--- EXERCISE INPUT ---

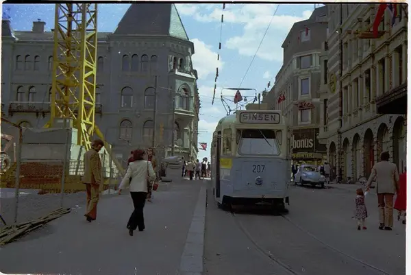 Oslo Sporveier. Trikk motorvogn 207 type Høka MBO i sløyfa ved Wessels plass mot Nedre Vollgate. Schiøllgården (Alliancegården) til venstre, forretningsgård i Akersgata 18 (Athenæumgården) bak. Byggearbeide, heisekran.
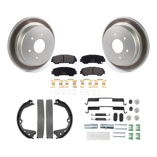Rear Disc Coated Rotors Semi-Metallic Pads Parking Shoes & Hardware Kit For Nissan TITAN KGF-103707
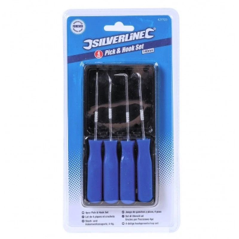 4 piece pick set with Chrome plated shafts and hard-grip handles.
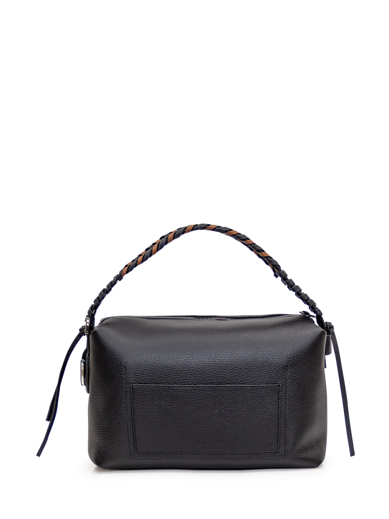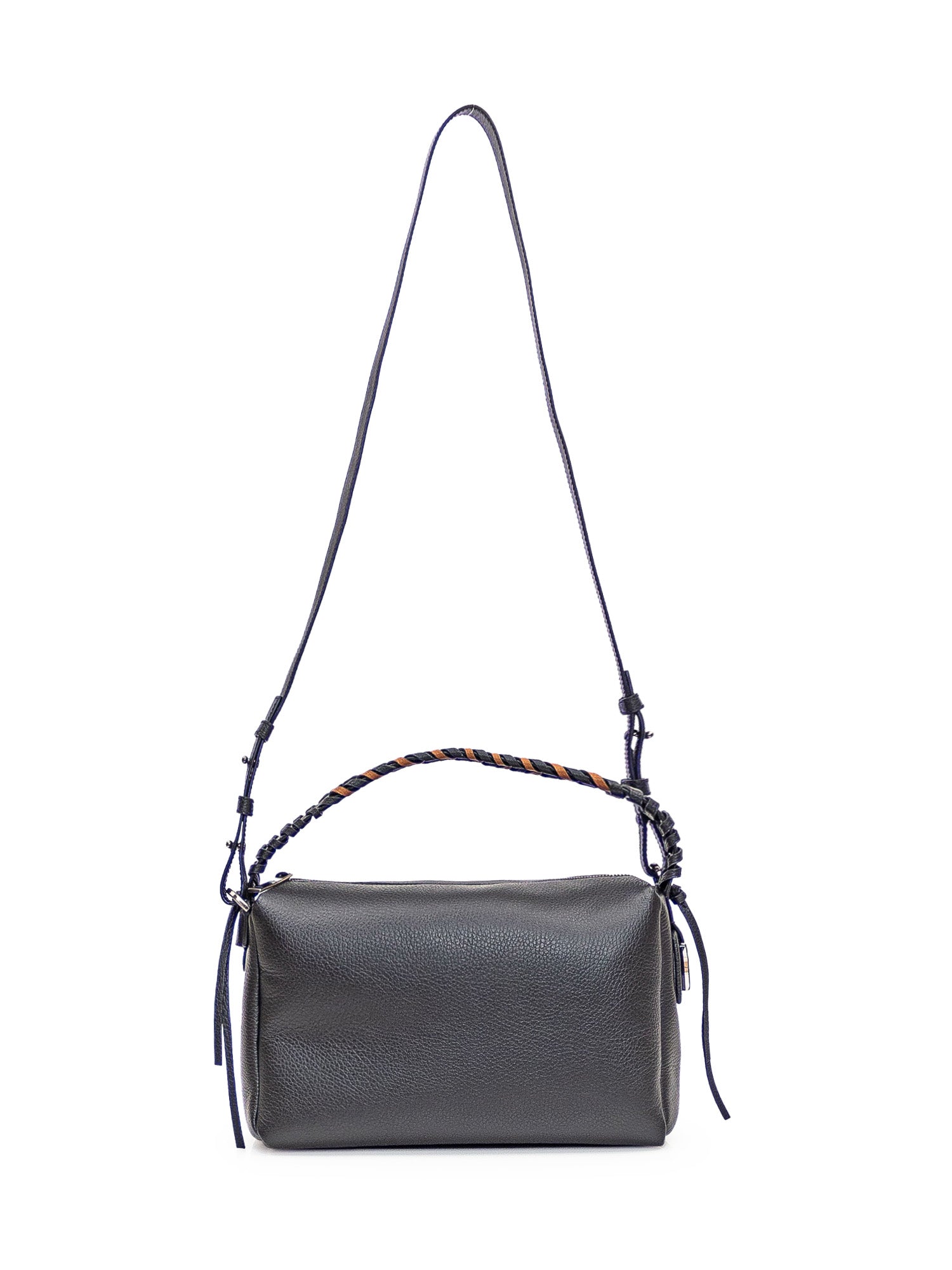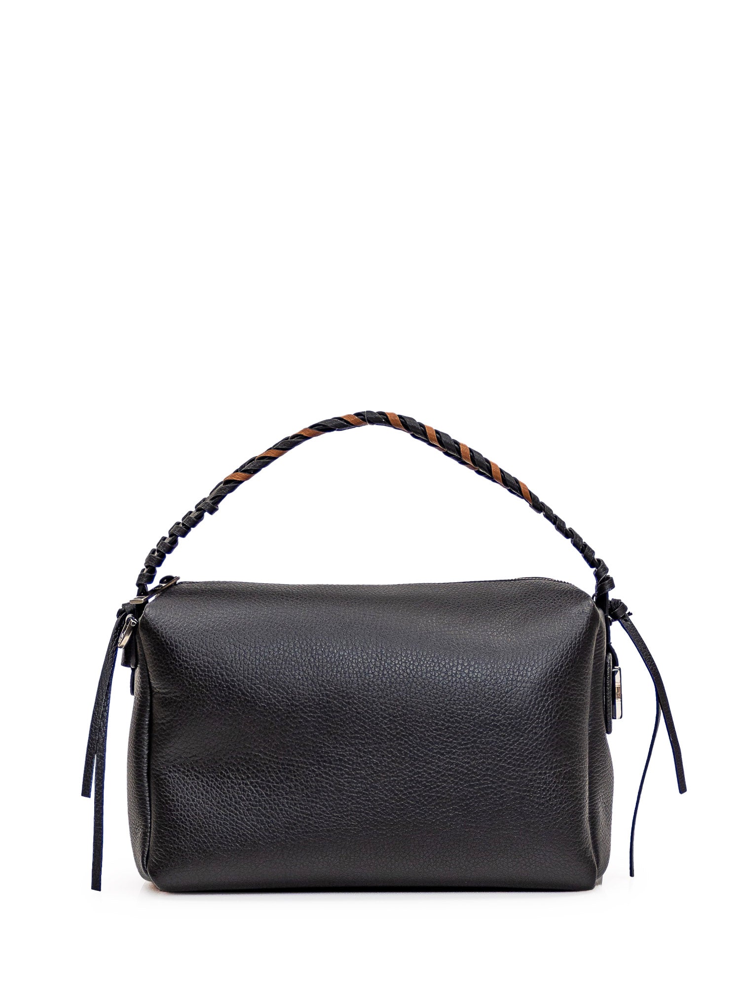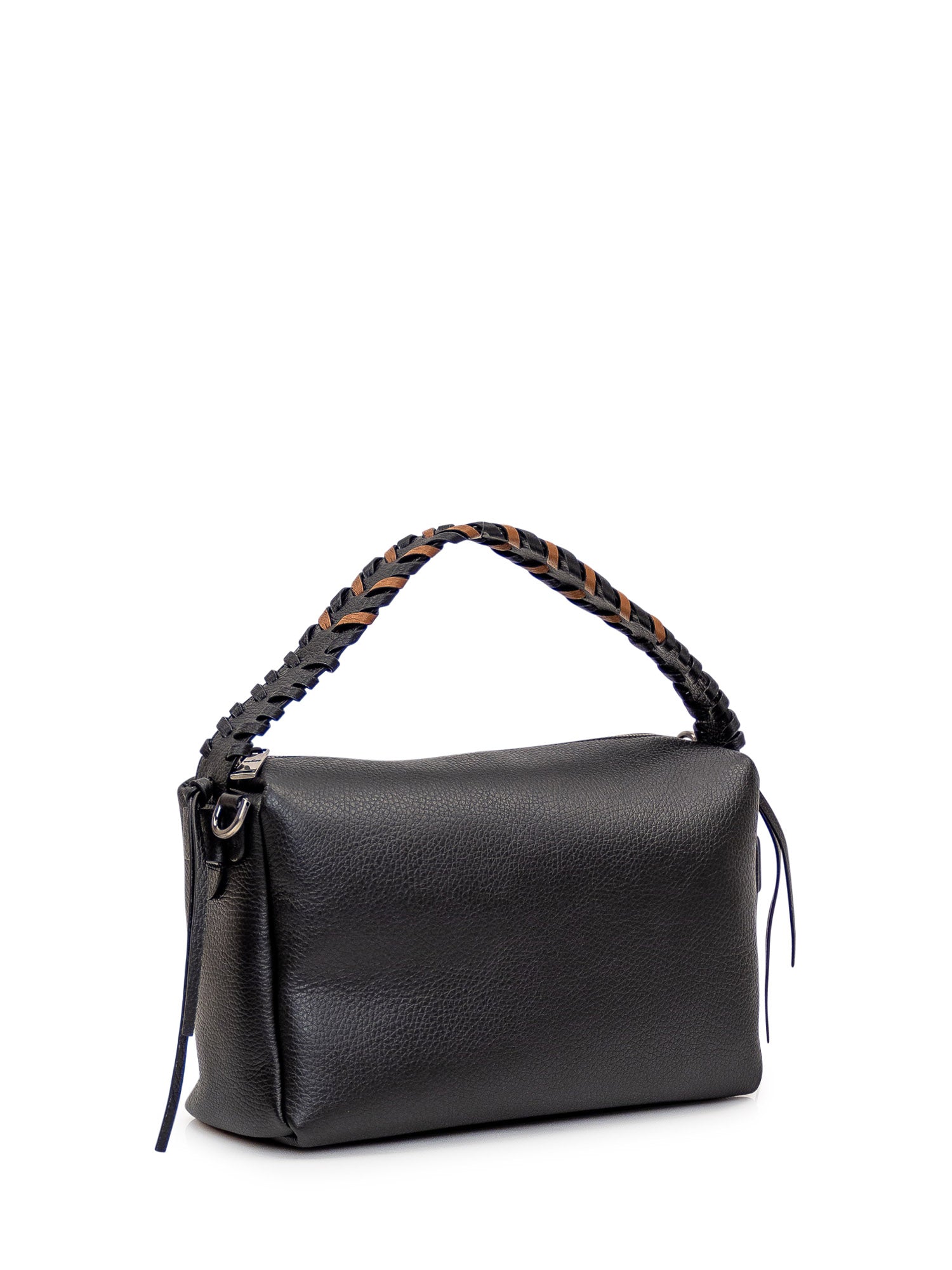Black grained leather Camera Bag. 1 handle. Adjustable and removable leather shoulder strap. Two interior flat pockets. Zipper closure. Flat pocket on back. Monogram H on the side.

---
--- EXERCISE INPUT ---

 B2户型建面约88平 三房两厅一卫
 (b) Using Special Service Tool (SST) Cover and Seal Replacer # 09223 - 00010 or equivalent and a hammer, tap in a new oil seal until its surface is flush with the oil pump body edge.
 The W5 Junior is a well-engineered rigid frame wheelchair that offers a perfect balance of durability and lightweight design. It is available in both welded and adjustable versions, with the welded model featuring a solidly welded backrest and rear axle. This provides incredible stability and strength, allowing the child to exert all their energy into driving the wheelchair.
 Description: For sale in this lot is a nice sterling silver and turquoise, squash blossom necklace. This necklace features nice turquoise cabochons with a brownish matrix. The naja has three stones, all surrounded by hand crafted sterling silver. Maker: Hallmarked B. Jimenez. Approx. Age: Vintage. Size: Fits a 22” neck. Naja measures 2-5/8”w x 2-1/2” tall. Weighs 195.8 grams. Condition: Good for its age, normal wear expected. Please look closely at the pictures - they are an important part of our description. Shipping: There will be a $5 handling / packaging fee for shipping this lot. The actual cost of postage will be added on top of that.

---

ABOUT THIS EXERCISE: For this task, return exactly the stretch of the listing above from the line with "4 piece pick" through the line with "Black grained leather", inclusive and without pictures.

EXERCISE ANSWER:
 4 piece pick set with Chrome plated shafts and hard-grip handles.
Black grained leather Camera Bag. 1 handle. Adjustable and removable leather shoulder strap. Two interior flat pockets. Zipper closure. Flat pocket on back. Monogram H on the side.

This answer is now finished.